Gelecek göz kırpıyor
Dünya birçok açıdan yeni bir dünya. Daha doğru bir ifadeyle, eski dünyayla yeni dünya arasında bir alacakaranlık kuşağında. Soğuk Savaş’tan sonra bin yıl süreceği zannedilen düzen...
Dünya birçok açıdan yeni bir dünya. Daha doğru bir ifadeyle, eski dünyayla yeni dünya arasında bir alacakaranlık kuşağında. Soğuk Savaş’tan sonra bin yıl süreceği zannedilen düzen çatırdıyor. Yani tarihin sonu gelmedi. Serbest piyasa ekonomisi ve demokrasi sihirli bir formül gibi her yere yayılamadı. MacDonald’s bulunan iki ülkenin savaşmayacağı iddiası mesela Rusya ile Gürcistan’ın kısa savaşından sonra söylenmez oldu.
Daha bir on sene önce büyük bir genişleme adımı atan AB önünü göremiyor.

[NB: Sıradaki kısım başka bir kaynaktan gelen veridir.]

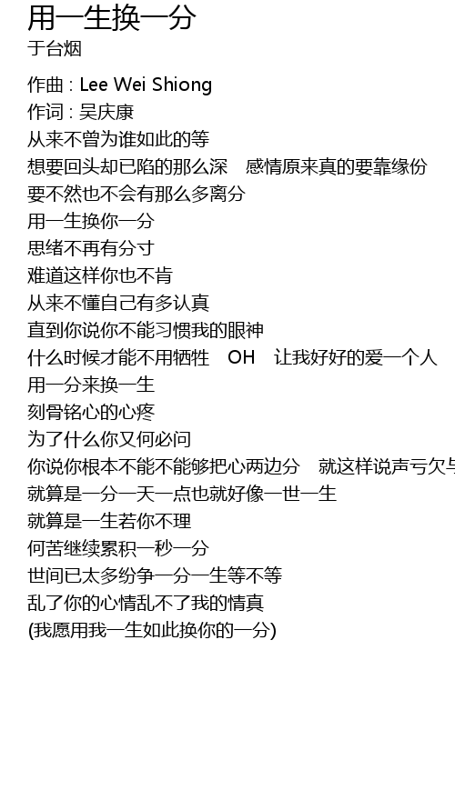 | wǒ yuàn yòng wǒ yī shēng rú cǐ huàn nǐ de yī fēn |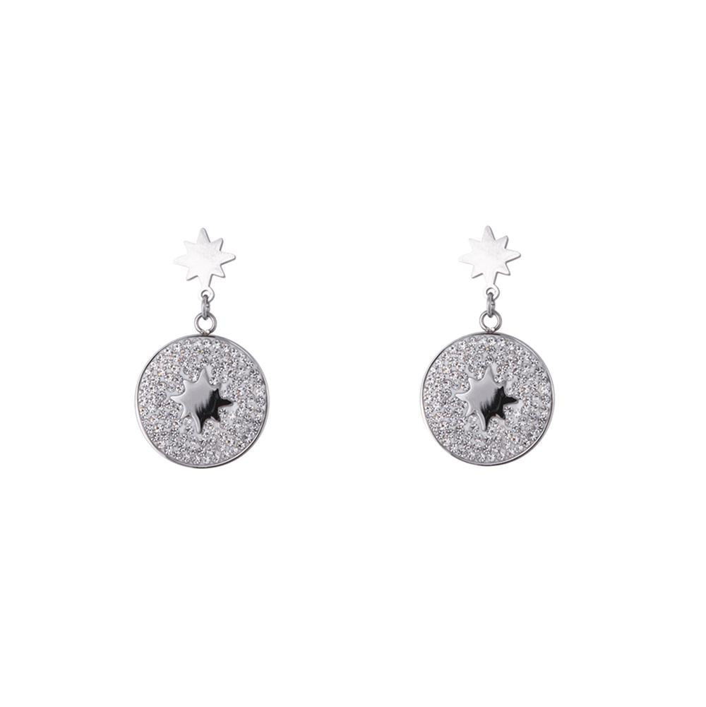 Beautiful disc drop with star shape centre & richly encrusted with crystal. Stud fastening.
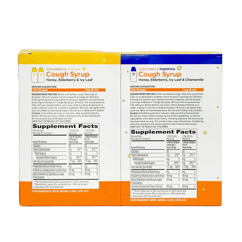 Buy Zarbee's Child Natural Cough Syrup 2 Daytime Packs & 1 Nighttime 354ml online from cellsii.com. The main ingredient, dark honey, Soothes cough associated with hoarseness, Dry throat and irritants. Day time cough syrup contains honey, Elderberry & Ivy Leaf. Night time cough syrup contains honey, Elderberry, Ivy leaf and chamomile.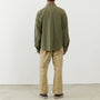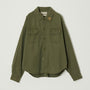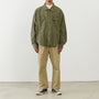 定番のミリタリーシャツをワイドシルエットに変更し、裾デザインはラウンド、更にお腹部分にサイドポケットを装備したモデルです。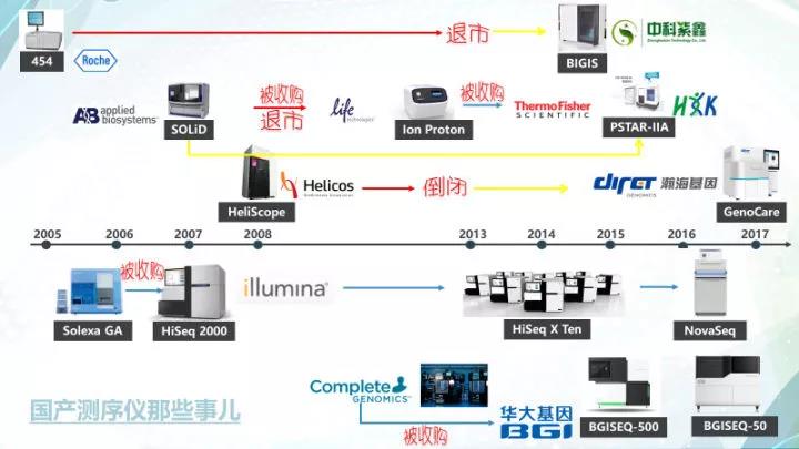 不夸張的說,天下測序出美國(部分技術源自英國),美國的Illumina公司依然是當今測序界的龍頭老大。不過也不是歐美的東西就是好的,如前所述,Helicos公司因為測序儀讀長短、價格貴等原因已于2012年破產(chǎn)倒閉,SOLiD和454測序儀也由于讀長短和測序通量底等原因相繼退出了二代測序儀的市場競爭,而GenoCare、PSTAR-IIA、BIGIS三款國產(chǎn)測序儀正是分別基于以上的三種測序原理研發(fā)而成。用國外已經(jīng)淘汰的技術在國內搖身一變?yōu)樽灾餮邪l(fā),你們開心就好啊。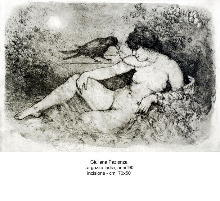 L’opera grafica e pittorica di Giuliana Pazienza - scrive Accerboni - rappresenta a Trieste, città dove l’artista vive e opera da decenni, un unicum speciale, perché in una realtà spesso abituata a esporre le opere di artisti di cultura mitteleuropea e di lontana formazione austrotedesca, ci porta il tono caldo, per noi forse un po’ inusitato, e l’intensità mediterranea della pittura e dell’arte italiane.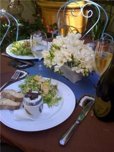 What could be better on a sunny Los Angeles Valentine’s day than an impromptu al fresco brunch?  I made a simple frisee salad with white balsamic vinaigrette, pecans, and parmesan shavings to accompany the coddled eggs with shaved black Perigord truffle all washed down with a fine glass of Dom Perignon.  To make coddled eggs, firstly, one needs egg coddlers.  Egg coddlers are porcelain cups with metal screw-on lids and a ring at the top.  They may be difficult to find.  Mine are from Royal Worcester, who I believe invented the egg coddler.  Butter the inside of the cup.  In the bottom, I put a little cheese.  This time I used Boschetto, a truffle cheese from Italy.  In go two eggs, then a splash of cream and some salt and pepper.  The lid is then tightly screwed onto the egg cup and the cups are lowered into a saucepan of gently boiling water.  I boil them for about 8 or 9 minutes, so the yolks are still runny but the whites set.  I top them off with shaved black truffle.  Served with crusty bread, Heaven!  Here’s hoping your Valentine’s day is filled with delicious moments!

Bırakalım genişlemenin pekişmesini, Birleşik Krallık, AB’den çıktı çıkacak.
Dünyanın neredeyse her yerinde demokratik değerler aşınmakta. 2008 ekonomik krizinin etkilerinin çoğu kişinin tahmin ettiğinden daha etkili olduğu anlaşılıyor. Öyle ki, krizden bu yana artan sistem karşıtlığı, yeni otoriter rejimlere iyiden iyiye yol açtı. Bu yeni otoriter rejimler, çoğulcu demokrasinin merkezi olma iddiasındaki AB’nin de içine sızdı. Macaristan ya da Polonya gibi örneklerde sızma çok açık.

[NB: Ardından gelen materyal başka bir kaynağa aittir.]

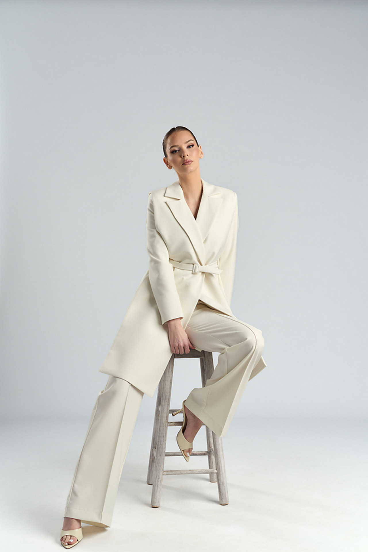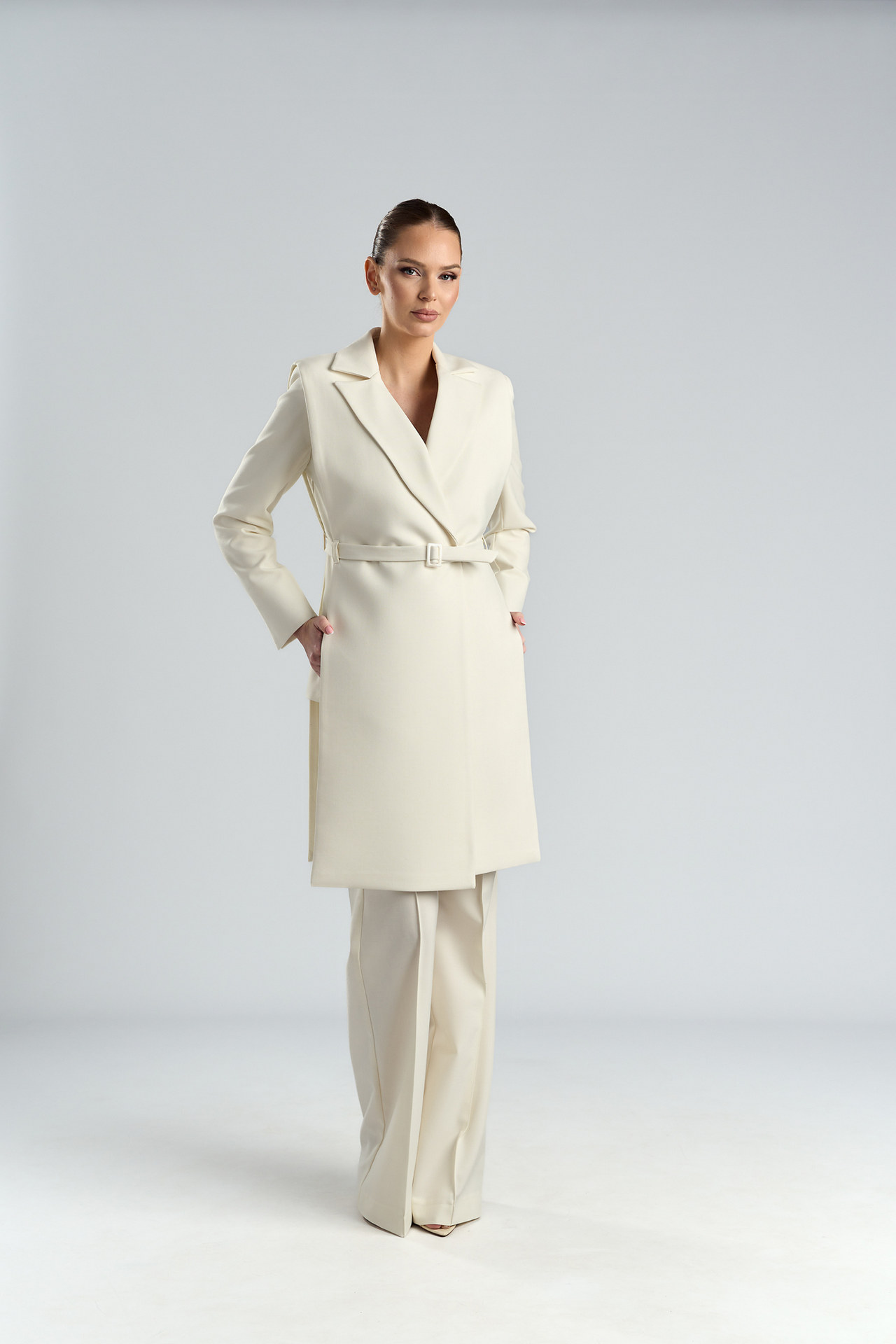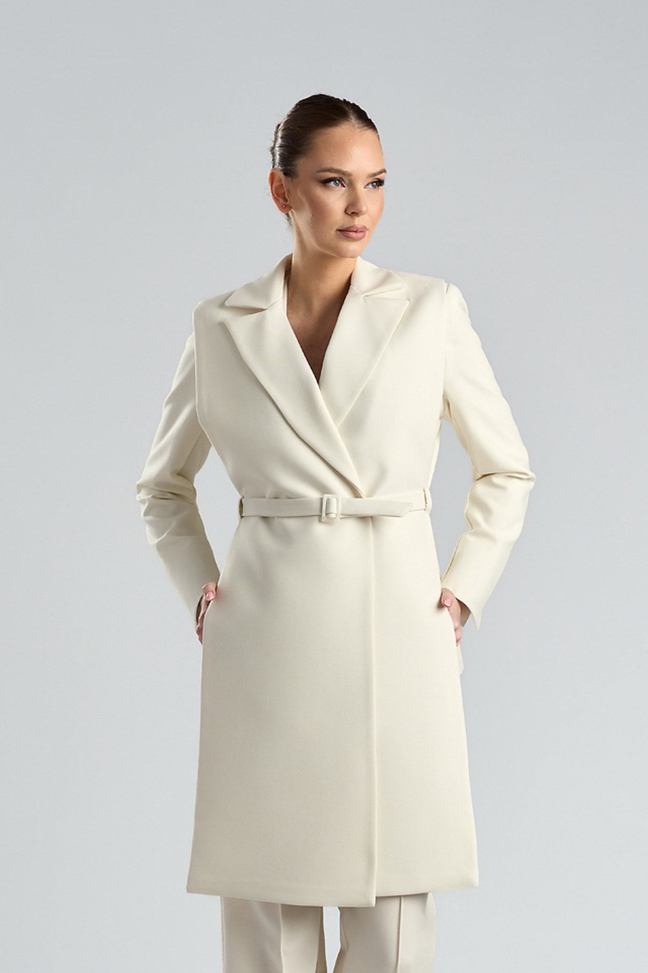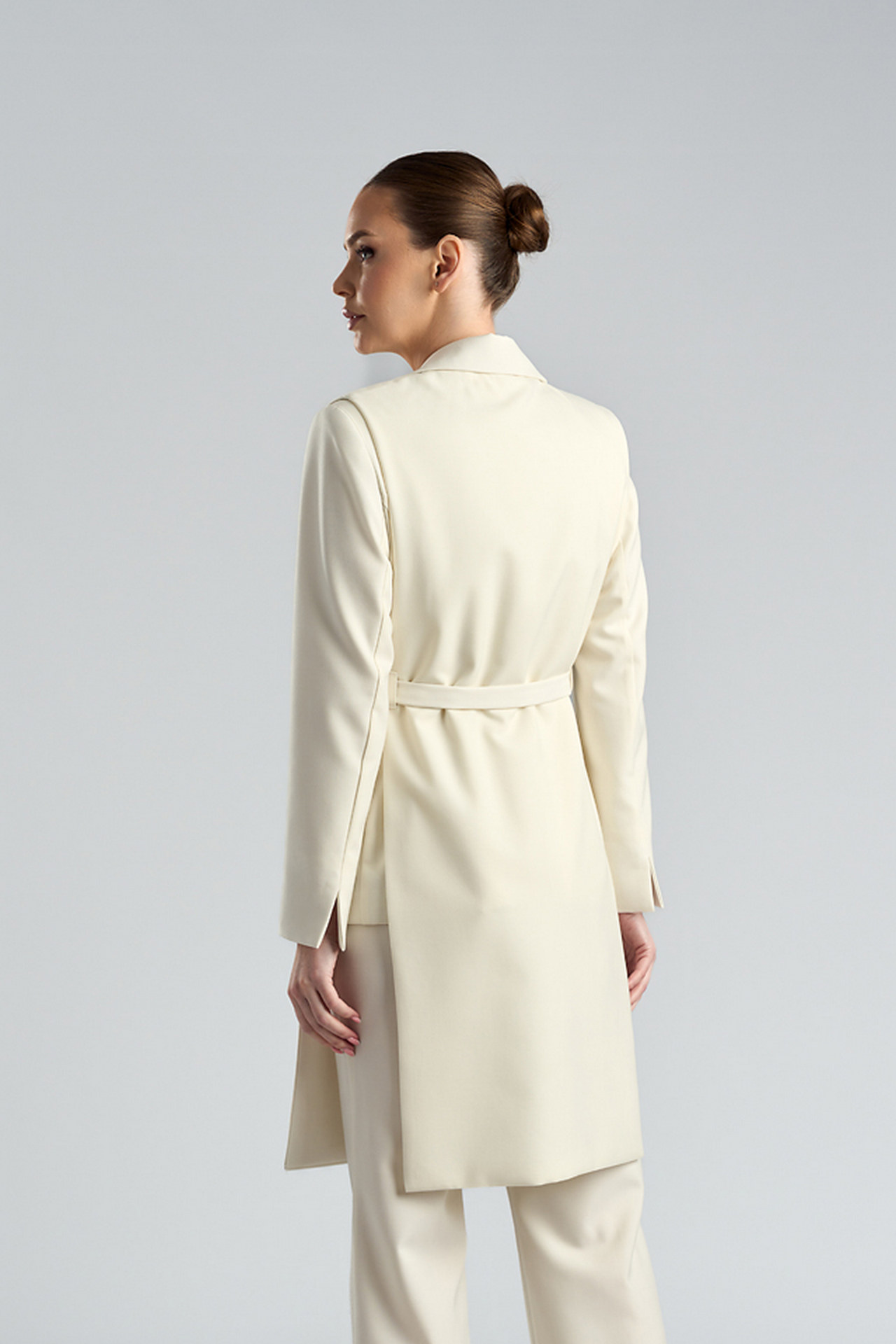 Vestă lungă ivoire tip platcă din stofă cu lână, cu rever și cordon cu cataramă Hara

Ancak Avrupa’nın her yerinde sistem karşıtı partiler yükselişte. Bunların yükselişinin merkez partileri etkilememesi de düşünülemez. Yakın bir gelecekte AB sathında popülist, milliyetçi, yabancı düşmanı ve içe kapanmacı iktidarların ardı ardına iktidara gelmesi büyük bir sürpriz olmayacak.
ABD’de de bu riskten uzak değil. Başkanlığa aday olacağı bile düşünülmeyenDonald Trump’ın Amerikan toplumunda ciddi bir karşılık bulması bu genel gidişatın bir parçası.